ASSIGNED TASK
Find the line below with "ซึ่งปีนี้จำนวนผู้เสียชีวิตลดลงมาอยู่ที่ 190 ราย" and the line with "4、往下滑找到【Language】点击,选择中文(简体)就OK了。". Output exactly those lines and everything between them, leaving out the pictures.

──────── DATA SUPPLIED ────────

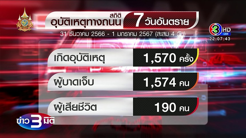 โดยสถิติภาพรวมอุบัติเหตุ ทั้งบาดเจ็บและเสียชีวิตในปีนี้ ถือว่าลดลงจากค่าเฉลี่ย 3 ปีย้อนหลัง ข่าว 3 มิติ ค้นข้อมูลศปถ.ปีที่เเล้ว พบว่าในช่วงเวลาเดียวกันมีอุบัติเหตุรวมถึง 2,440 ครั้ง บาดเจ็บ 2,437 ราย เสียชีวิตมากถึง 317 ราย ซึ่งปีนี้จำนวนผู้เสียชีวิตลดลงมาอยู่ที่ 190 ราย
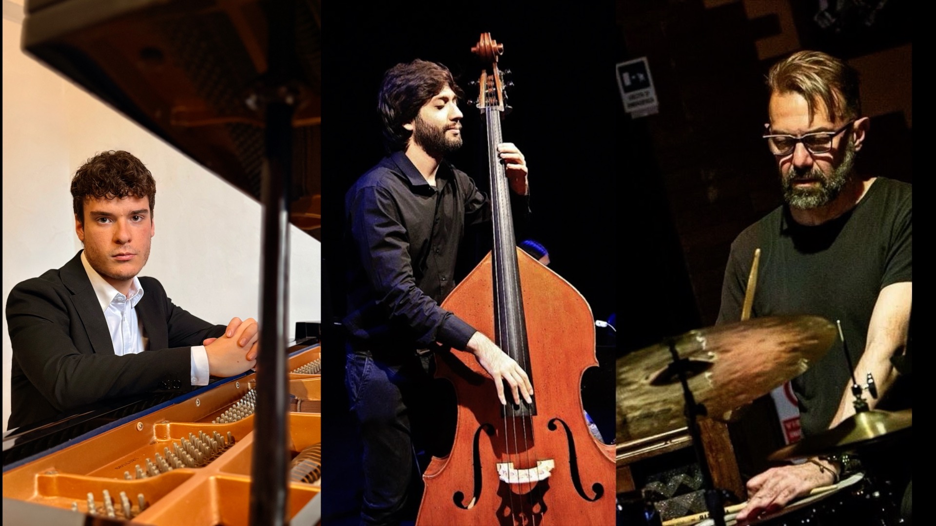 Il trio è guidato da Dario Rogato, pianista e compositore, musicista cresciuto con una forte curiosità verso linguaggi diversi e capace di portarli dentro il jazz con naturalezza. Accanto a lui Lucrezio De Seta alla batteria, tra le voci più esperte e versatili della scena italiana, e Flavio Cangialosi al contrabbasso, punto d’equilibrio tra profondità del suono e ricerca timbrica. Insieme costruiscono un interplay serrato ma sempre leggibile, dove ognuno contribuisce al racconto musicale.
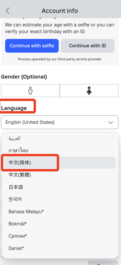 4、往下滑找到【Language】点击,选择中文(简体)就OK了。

────────
──────── DATA SUPPLIED ────────

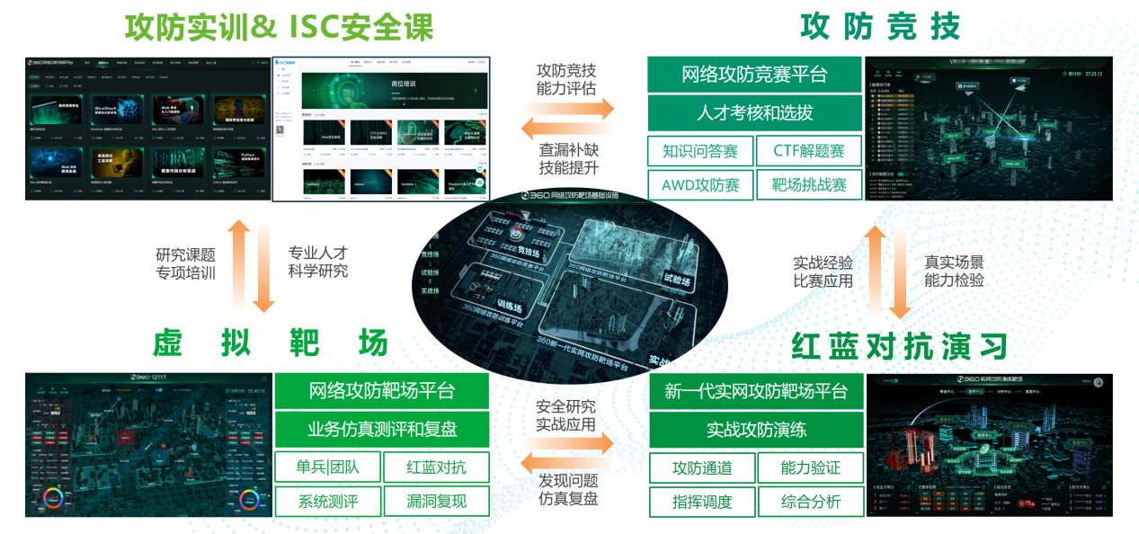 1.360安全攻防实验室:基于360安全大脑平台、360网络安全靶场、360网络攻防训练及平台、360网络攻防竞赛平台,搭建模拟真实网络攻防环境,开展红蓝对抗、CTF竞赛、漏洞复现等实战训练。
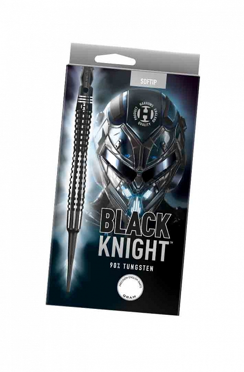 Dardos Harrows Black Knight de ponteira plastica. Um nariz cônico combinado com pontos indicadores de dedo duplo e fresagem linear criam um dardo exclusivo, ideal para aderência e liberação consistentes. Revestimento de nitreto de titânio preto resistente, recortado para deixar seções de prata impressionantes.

────────
──────── DATA SUPPLIED ────────

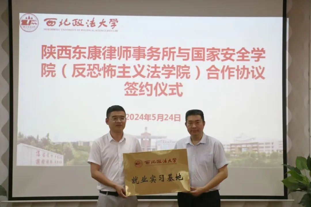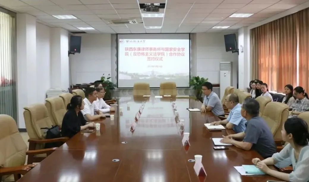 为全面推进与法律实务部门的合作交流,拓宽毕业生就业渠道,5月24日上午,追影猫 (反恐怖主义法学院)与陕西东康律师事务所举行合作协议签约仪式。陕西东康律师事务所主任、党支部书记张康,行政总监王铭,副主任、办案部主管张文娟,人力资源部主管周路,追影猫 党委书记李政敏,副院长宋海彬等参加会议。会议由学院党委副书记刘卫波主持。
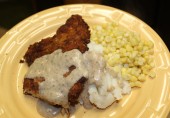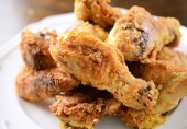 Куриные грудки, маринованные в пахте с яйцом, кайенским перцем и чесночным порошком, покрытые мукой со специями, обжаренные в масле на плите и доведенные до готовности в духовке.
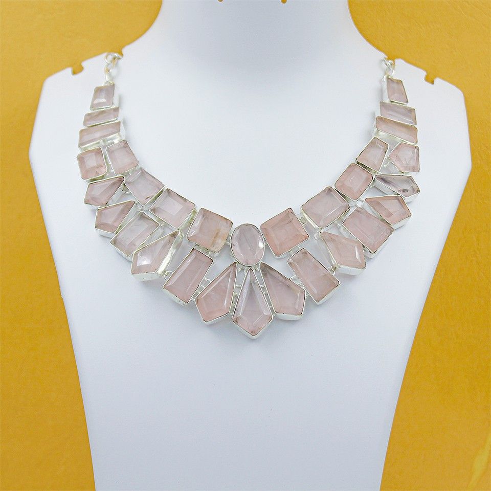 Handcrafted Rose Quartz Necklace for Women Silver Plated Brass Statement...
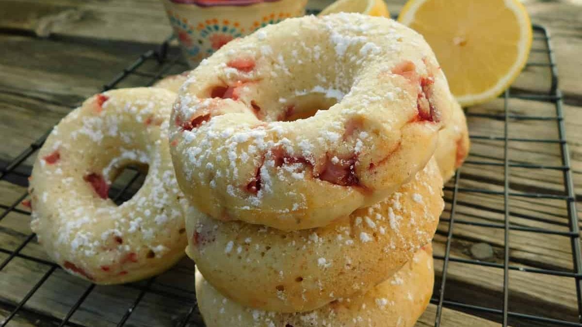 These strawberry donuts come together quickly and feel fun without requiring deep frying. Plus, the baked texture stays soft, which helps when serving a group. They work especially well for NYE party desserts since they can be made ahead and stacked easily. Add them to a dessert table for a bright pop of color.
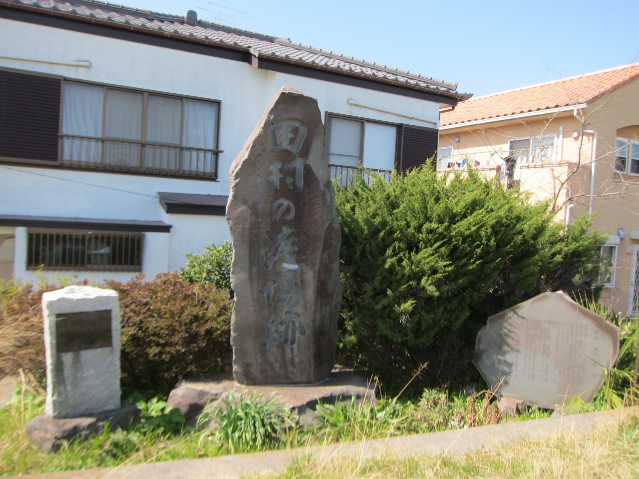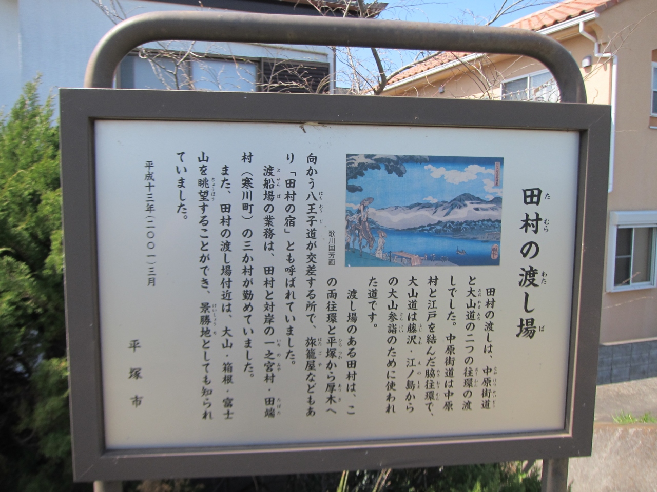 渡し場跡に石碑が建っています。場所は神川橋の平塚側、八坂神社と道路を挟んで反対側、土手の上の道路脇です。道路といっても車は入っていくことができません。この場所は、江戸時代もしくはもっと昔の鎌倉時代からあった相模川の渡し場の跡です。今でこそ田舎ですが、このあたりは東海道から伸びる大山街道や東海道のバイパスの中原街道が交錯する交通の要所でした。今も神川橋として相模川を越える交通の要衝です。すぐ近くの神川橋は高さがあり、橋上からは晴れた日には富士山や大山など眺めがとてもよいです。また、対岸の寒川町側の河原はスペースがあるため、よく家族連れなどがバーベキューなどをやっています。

────────

TASK RESULT
 โดยสถิติภาพรวมอุบัติเหตุ ทั้งบาดเจ็บและเสียชีวิตในปีนี้ ถือว่าลดลงจากค่าเฉลี่ย 3 ปีย้อนหลัง ข่าว 3 มิติ ค้นข้อมูลศปถ.ปีที่เเล้ว พบว่าในช่วงเวลาเดียวกันมีอุบัติเหตุรวมถึง 2,440 ครั้ง บาดเจ็บ 2,437 ราย เสียชีวิตมากถึง 317 ราย ซึ่งปีนี้จำนวนผู้เสียชีวิตลดลงมาอยู่ที่ 190 ราย
 Il trio è guidato da Dario Rogato, pianista e compositore, musicista cresciuto con una forte curiosità verso linguaggi diversi e capace di portarli dentro il jazz con naturalezza. Accanto a lui Lucrezio De Seta alla batteria, tra le voci più esperte e versatili della scena italiana, e Flavio Cangialosi al contrabbasso, punto d’equilibrio tra profondità del suono e ricerca timbrica. Insieme costruiscono un interplay serrato ma sempre leggibile, dove ognuno contribuisce al racconto musicale.
 4、往下滑找到【Language】点击,选择中文(简体)就OK了。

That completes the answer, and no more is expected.